Like many of the best drivers, Lee is from a trucking family. His father was an Old Dominion driver and both his brothers drive for a living.

To win a slot on the team, drivers had to take tests, answer a battery of questions before a panel of judges and write and deliver a three-minute speech to demonstrate they could convey their knowledge of and commitment to trucking.

“I’d never written a speech before in my life,” said another team member, Dion Saiz, a driver for FedEx Freight in Albuquerque, N.M.

In his speech, Saiz said, he talked about his father, Ben Saiz, an ABF Freight System driver who was on the last Road Team.

“I grew up around trucks most of my life,” said Saiz, adding that his grandfather, Anastacio, also drove a truck.

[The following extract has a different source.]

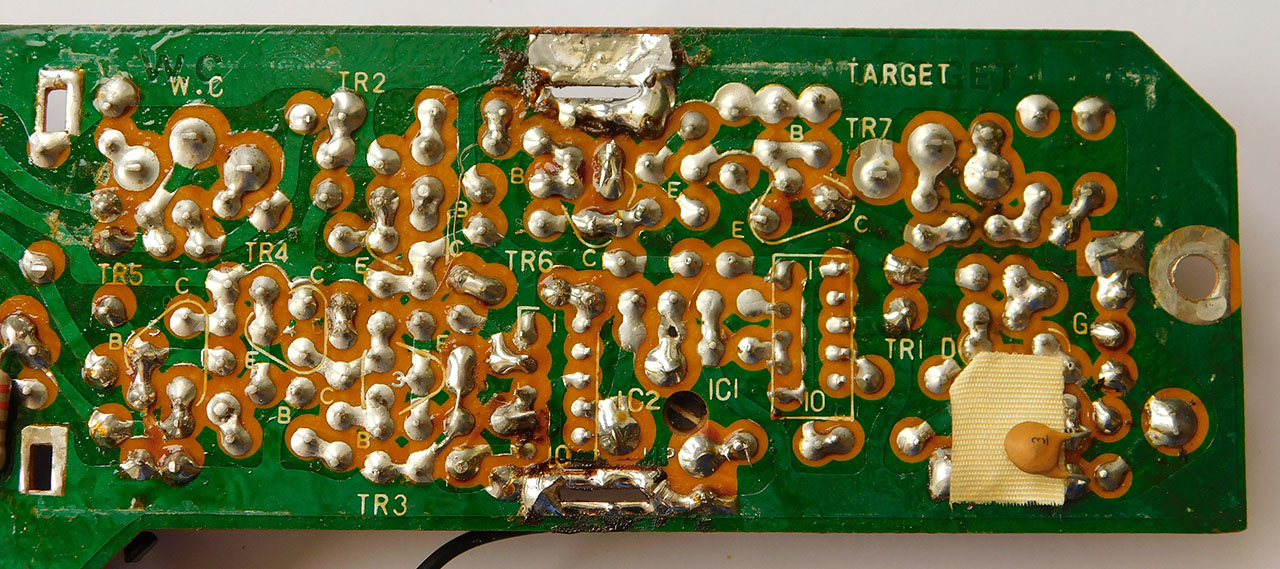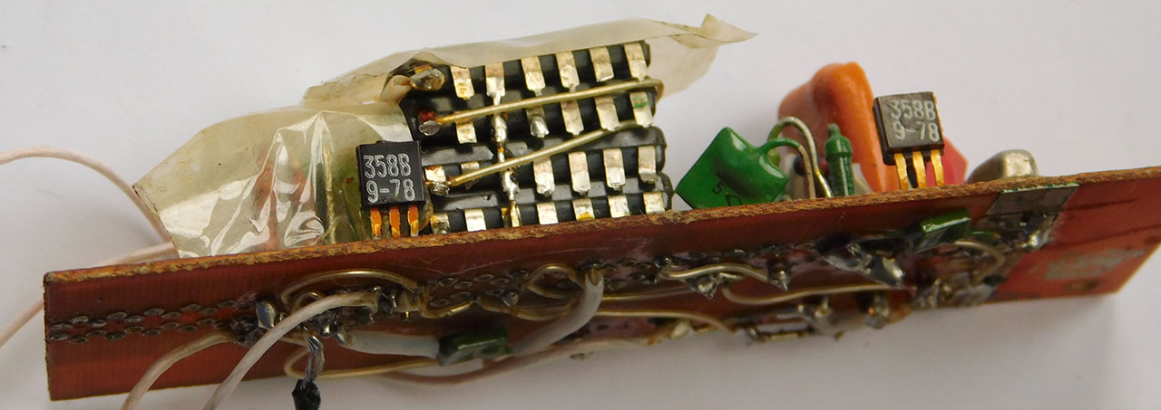 Необходимость создания синхрогенератора также заключается в том, что советские катушечные видеомагнитофоны формируют сигналы синхронизации, которые не подходят к камерам от Panasonic. Форма импульсов отличается. Вот так и создали плату синхрогенератора в советские времена. Построена она на основе кварцевого генератора на микросхемах 155-логики, на нескольких счетчиках. Микросхемы спаяны бутербродом для уменьшения занимаемого места. Синхрогенератор сначала работал, но позже "испортился" выходной транзистор строчных синхроимпульсов — КТ358. Как и свойственно КТ358, он вызванивается электрически, но в схеме работать уже не способен. Заменяется на 2N3904 или 2N5551, из советских аналогов можно заменить на КТ315.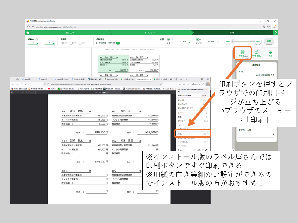 インストール版だと、印刷プリンタの選択などを行ってすぐ印刷できます。用紙の向き等細かい設定ができるのでインストール版の方がおすすめです。

Brooks Washburn, also a driver for FedEx Freight in Albuquerque, said gratitude prompted him to compete and win a seat on the team.

“I thought it was a chance for me to give something back to the industry that’s given me so much,” said Washburn. “[It’s] been so good to me and my family over the years; it’s my way of serving the industry back and helping to educate people about the trucks.”

A 31-year veteran of trucking, Washburn said the competition was extremely difficult. “These are some of the best drivers in the country.”

The other Road Team members are: Willie Atkinson and Danny Fuller, both drivers for Con-way Freight; Gary Babbitt, Central Freight Lines; Joe Allen Boyd and Kenny Lowry, both of Wal-Mart Transportation; David Boyer, Nate McCarty and Tim McElwaney, all drivers for ABF Freight System; Randall Dee Briggs and Alphonso Lewis, both of YRC Inc.; UPS Freight drivers Dennis Martin and Roger Nicholson; J.W. Ray, Werner Enterprises; Jeffrey Wade, Southeastern Freight Lines; and Robert Weller, Hahn Transportation.

ATA created the Road Team in 1986 and the companies whose drivers are chosen as members agree to pay their salaries even though team members may be off the job two or three days a week touring the country.

The team is sponsored by Volvo Trucks North America.

“These dedicated professionals help create safer highways for all of us and ensure the timely delivery of life’s essentials,” said Ron Huibers, Volvo’s senior vice president of sales and marketing.

The new team spent most of last week at ATA headquarters in Virginia, getting to know one another, meeting with ATA staff and preparing to take trucking’s story on the road.

At a reception last week in the Rayburn House Office Building, U.S. Transportation Secretary Ray LaHood and members of Congress were on hand to greet the new team.

Anne Ferro, head of the Federal Motor Carrier Safety Administration, also attended. Ferro is former president of the Maryland Motor Truck Association.